● **PROBLEM REQUIREMENTS**:
Please repeat every record below exactly as written, but leave out the pictures.

Dataset excerpts:

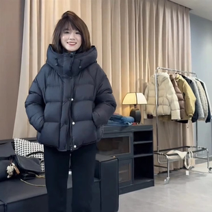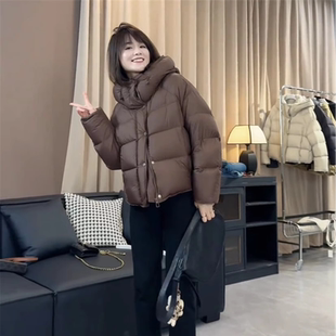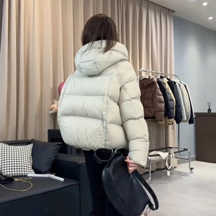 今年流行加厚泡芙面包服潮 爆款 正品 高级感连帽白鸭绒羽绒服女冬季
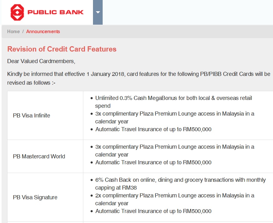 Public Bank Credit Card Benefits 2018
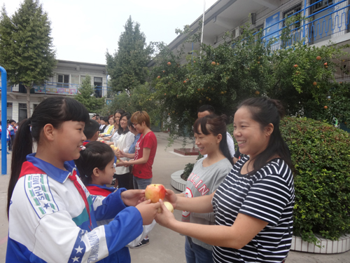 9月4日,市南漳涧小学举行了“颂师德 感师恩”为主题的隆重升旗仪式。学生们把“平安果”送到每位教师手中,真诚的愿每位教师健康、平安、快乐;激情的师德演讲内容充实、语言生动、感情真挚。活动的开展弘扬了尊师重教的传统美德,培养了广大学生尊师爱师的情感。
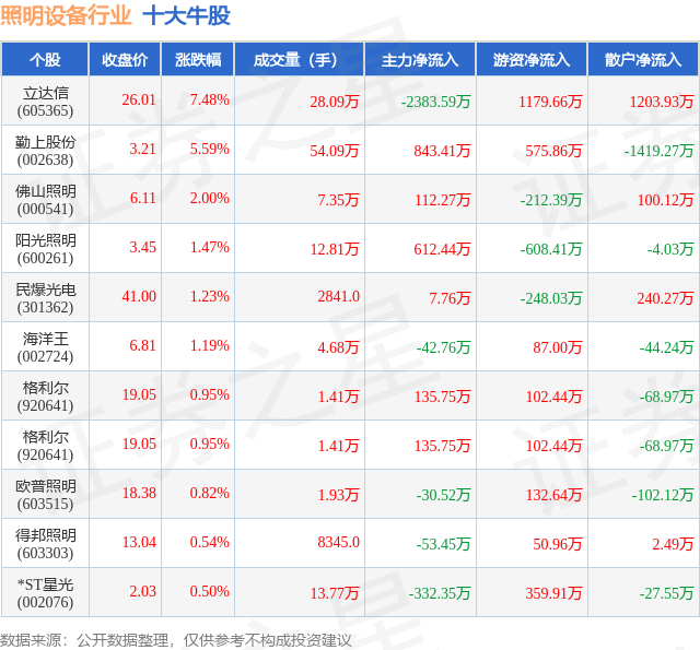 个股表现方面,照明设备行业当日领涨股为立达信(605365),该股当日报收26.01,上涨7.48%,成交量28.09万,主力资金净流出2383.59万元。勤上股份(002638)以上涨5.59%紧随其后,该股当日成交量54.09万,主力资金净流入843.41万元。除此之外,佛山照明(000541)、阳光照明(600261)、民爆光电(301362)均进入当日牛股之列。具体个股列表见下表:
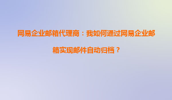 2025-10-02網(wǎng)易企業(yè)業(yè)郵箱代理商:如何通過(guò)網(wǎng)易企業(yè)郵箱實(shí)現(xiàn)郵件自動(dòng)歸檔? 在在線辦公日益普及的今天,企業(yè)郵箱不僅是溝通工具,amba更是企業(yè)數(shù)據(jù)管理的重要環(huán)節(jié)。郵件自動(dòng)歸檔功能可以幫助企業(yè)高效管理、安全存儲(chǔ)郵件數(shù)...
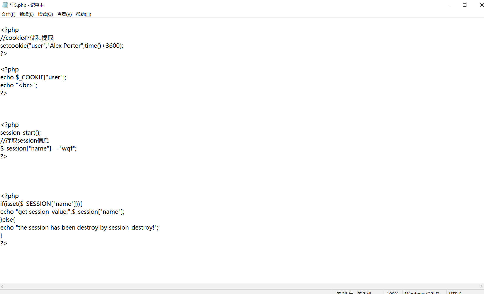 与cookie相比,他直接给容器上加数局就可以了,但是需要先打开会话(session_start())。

● **EXERCISE RESPONSE**:
 今年流行加厚泡芙面包服潮 爆款 正品 高级感连帽白鸭绒羽绒服女冬季
 Public Bank Credit Card Benefits 2018
 9月4日,市南漳涧小学举行了“颂师德 感师恩”为主题的隆重升旗仪式。学生们把“平安果”送到每位教师手中,真诚的愿每位教师健康、平安、快乐;激情的师德演讲内容充实、语言生动、感情真挚。活动的开展弘扬了尊师重教的传统美德,培养了广大学生尊师爱师的情感。
 个股表现方面,照明设备行业当日领涨股为立达信(605365),该股当日报收26.01,上涨7.48%,成交量28.09万,主力资金净流出2383.59万元。勤上股份(002638)以上涨5.59%紧随其后,该股当日成交量54.09万,主力资金净流入843.41万元。除此之外,佛山照明(000541)、阳光照明(600261)、民爆光电(301362)均进入当日牛股之列。具体个股列表见下表:
 2025-10-02網(wǎng)易企業(yè)業(yè)郵箱代理商:如何通過(guò)網(wǎng)易企業(yè)郵箱實(shí)現(xiàn)郵件自動(dòng)歸檔? 在在線辦公日益普及的今天,企業(yè)郵箱不僅是溝通工具,amba更是企業(yè)數(shù)據(jù)管理的重要環(huán)節(jié)。郵件自動(dòng)歸檔功能可以幫助企業(yè)高效管理、安全存儲(chǔ)郵件數(shù)...
 与cookie相比,他直接给容器上加数局就可以了,但是需要先打开会话(session_start())。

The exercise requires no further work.